R/glmnet.R

Defines functions GetCoefMatrix PredictMixedLM RunMixedLM RunLinearModel EvaluateLinearModel cross_entropy RunCrossValidation cross_validate_lambda SetupLinearModel

Documented in cross_entropy cross_validate_lambda EvaluateLinearModel GetCoefMatrix PredictMixedLM RunCrossValidation RunLinearModel RunMixedLM SetupLinearModel

#### Linear models ####
#' @import glmnet
#' @import matrixStats
#' @import compiler
#'
#' @useDynLib perturbLM
#' @importFrom Rcpp sourceCpp
NULL

#' Set up design matrices and response given a Seurat object
#'
#' @param obj Seurat object
#' @param pert.col Metadata column containing perturbation info (required)
#' @param batch.col Metadata column containing batch info (default: NULL)
#' @param size.factor.col Metadata column containing library size info (default: NULL)
#' @param mito.col Metadata column containing mitochondrial fraction info (default: NULL)
#' @param response.col Metadata column containing the desired response.
#'                     If NULL, the normalized data in the Seurat object will be used as the response.
#' @param features.use If response.col is NULL, a subset of features to use for the response
#' @param test.prop Proportion of cells held out for model evaluation
#'
#' @return List of x (perturbation + covariate design matrix)
#'         y (response vector or matrix), and family (response family)
#' @export
#'
SetupLinearModel <- function(obj,
                             pert.col,
                             batch.col = NULL,
                             size.factor.col = NULL,
                             mito.col = NULL,
                             response.col = NULL,
                             features.use = NULL,
                             test.prop = 0.2,
                             seed = 12345) {

  if (!require("Seurat")) {
    stop("Install Seurat before running this function")
  }

  ## Set up design matrix
  perts <- obj@meta.data[[pert.col]]
  names(perts) <- colnames(obj)
  pert.mat <- CreateDesignMatrix(perts)

  if (is.null(batch.col)) {
    cov.mat <- Matrix(1, nrow = nrow(pert.mat), ncol = 1,
                      dimnames = c(rownames(pert.mat), c("batch")))
  }
  batch <- obj@meta.data[[batch.col]]
  names(batch) <- colnames(obj)
  cov.mat <- CreateDesignMatrix(as.factor(batch[rownames(pert.mat)]))

  if (!is.null(size.factor.col)) {
    size.factor <- scale(obj@meta.data[rownames(pert.mat), size.factor.col], center = F)
    cov.mat <- cbind(cov.mat, size.factor)
    colnames(cov.mat)[ncol(cov.mat)] <- "size.factor"
  }

  if (!is.null(mito.col)) {
    percent.mt <- scale(obj@meta.data[rownames(pert.mat), mito.col], center = F)
    cov.mat <- cbind(cov.mat, percent.mt)
    colnames(cov.mat)[ncol(cov.mat)] <- "percent.mt"
  }

  x <- cbind(pert.mat, cov.mat)

  ## Set up response
  if (is.null(response.col)) {
    print("Assuming response is normalized expression data ")
    y <- t(GetAssayData(obj, slot = "data"))[rownames(pert.mat),]

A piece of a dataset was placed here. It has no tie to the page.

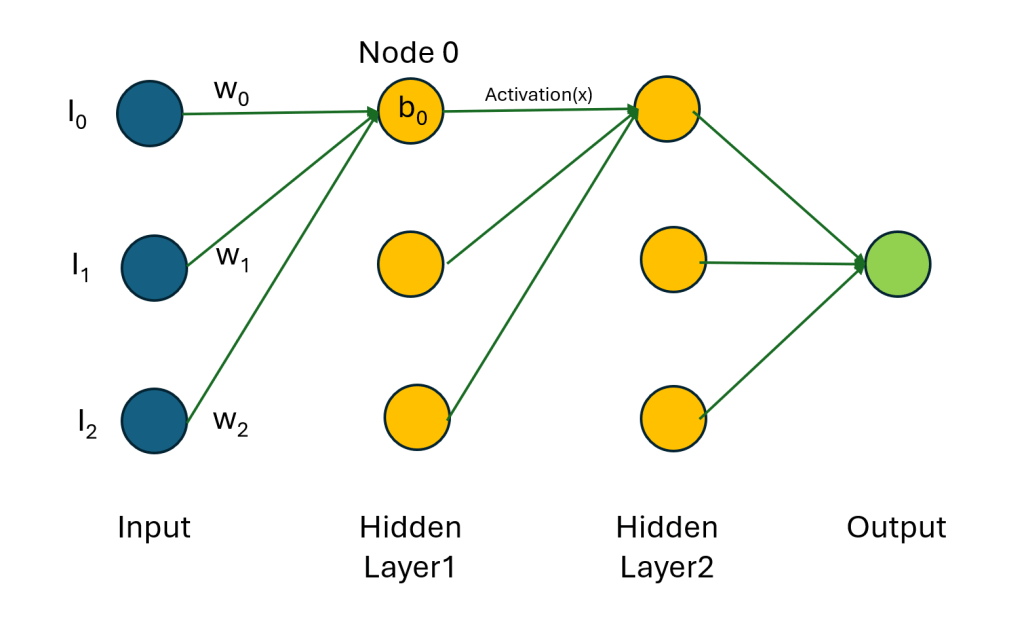 In this and the previous post we are talking about neural networks, what do matrix operations have to with that? In the previous post we described how the output of a node in an MLP, say Node 0:

    if (!is.null(features.use)) {
      y <- y[,features.use]
    }

    fam <- "mgaussian"
  } else {
    y <- obj@meta.data[[response.col]]
    names(y) <- colnames(obj)
    y <- y[rownames(pert.mat)]

    if (is.factor(y) | is.character(y)) {
      print("Assuming response is categorical")
      y <- as.factor(y)
      fam <- "multinomial"
    } else if (is.numeric(y)) {
      print("Assuming response is numeric")
      fam <- "gaussian"
    } else {
      stop("Response must be either a factor, character, numeric, or NULL")
    }
  }

  ## Get train/test split
  if (test.prop < 0.01 | test.prop > 1/3) {
    stop("test.prop must be between 0.01 and 1/3")
  }
  nfolds <- round(1/test.prop)
  split <- SplitFoldsByGroup(perts, nfolds, seed = seed)[[1]]
  train.cells <- names(split[split == "train"])
  test.cells <- names(split[split == "test"])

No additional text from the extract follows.